** Extracted records **
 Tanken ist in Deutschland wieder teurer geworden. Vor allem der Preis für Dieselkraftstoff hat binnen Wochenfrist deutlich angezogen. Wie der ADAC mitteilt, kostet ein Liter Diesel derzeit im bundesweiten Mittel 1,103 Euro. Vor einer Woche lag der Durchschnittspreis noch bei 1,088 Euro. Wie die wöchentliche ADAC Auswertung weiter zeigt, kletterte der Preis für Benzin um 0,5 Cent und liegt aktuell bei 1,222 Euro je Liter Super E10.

---

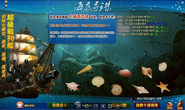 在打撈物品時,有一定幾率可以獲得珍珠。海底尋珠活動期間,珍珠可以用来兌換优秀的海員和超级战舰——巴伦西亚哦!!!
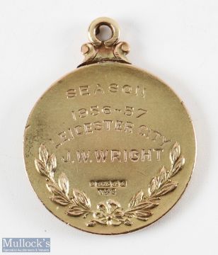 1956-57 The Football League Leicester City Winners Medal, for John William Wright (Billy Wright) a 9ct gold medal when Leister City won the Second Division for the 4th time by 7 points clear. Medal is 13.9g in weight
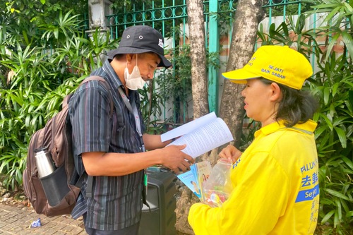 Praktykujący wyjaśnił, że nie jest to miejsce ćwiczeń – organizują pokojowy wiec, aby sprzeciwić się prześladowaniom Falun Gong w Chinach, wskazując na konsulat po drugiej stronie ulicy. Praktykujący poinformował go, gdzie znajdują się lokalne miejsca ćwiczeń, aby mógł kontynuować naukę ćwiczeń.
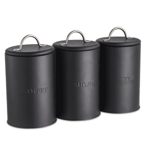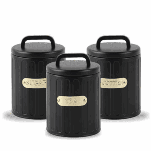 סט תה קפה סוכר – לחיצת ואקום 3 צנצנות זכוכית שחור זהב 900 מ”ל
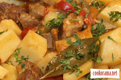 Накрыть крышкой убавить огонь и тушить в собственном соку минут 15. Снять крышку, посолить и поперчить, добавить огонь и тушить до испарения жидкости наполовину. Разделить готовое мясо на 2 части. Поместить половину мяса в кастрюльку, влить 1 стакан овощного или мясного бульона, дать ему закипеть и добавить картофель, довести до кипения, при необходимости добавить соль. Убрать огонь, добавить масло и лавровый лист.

** Goal of the exercise **
Word for word, repeat the lines above from the one with "Praktykujący wyjaśnił, że" through the one with "Накрыть крышкой убавить", and nothing beyond them. Omit the pictures.

** Problem solution **
 Praktykujący wyjaśnił, że nie jest to miejsce ćwiczeń – organizują pokojowy wiec, aby sprzeciwić się prześladowaniom Falun Gong w Chinach, wskazując na konsulat po drugiej stronie ulicy. Praktykujący poinformował go, gdzie znajdują się lokalne miejsca ćwiczeń, aby mógł kontynuować naukę ćwiczeń.
 סט תה קפה סוכר – לחיצת ואקום 3 צנצנות זכוכית שחור זהב 900 מ”ל
 Накрыть крышкой убавить огонь и тушить в собственном соку минут 15. Снять крышку, посолить и поперчить, добавить огонь и тушить до испарения жидкости наполовину. Разделить готовое мясо на 2 части. Поместить половину мяса в кастрюльку, влить 1 стакан овощного или мясного бульона, дать ему закипеть и добавить картофель, довести до кипения, при необходимости добавить соль. Убрать огонь, добавить масло и лавровый лист.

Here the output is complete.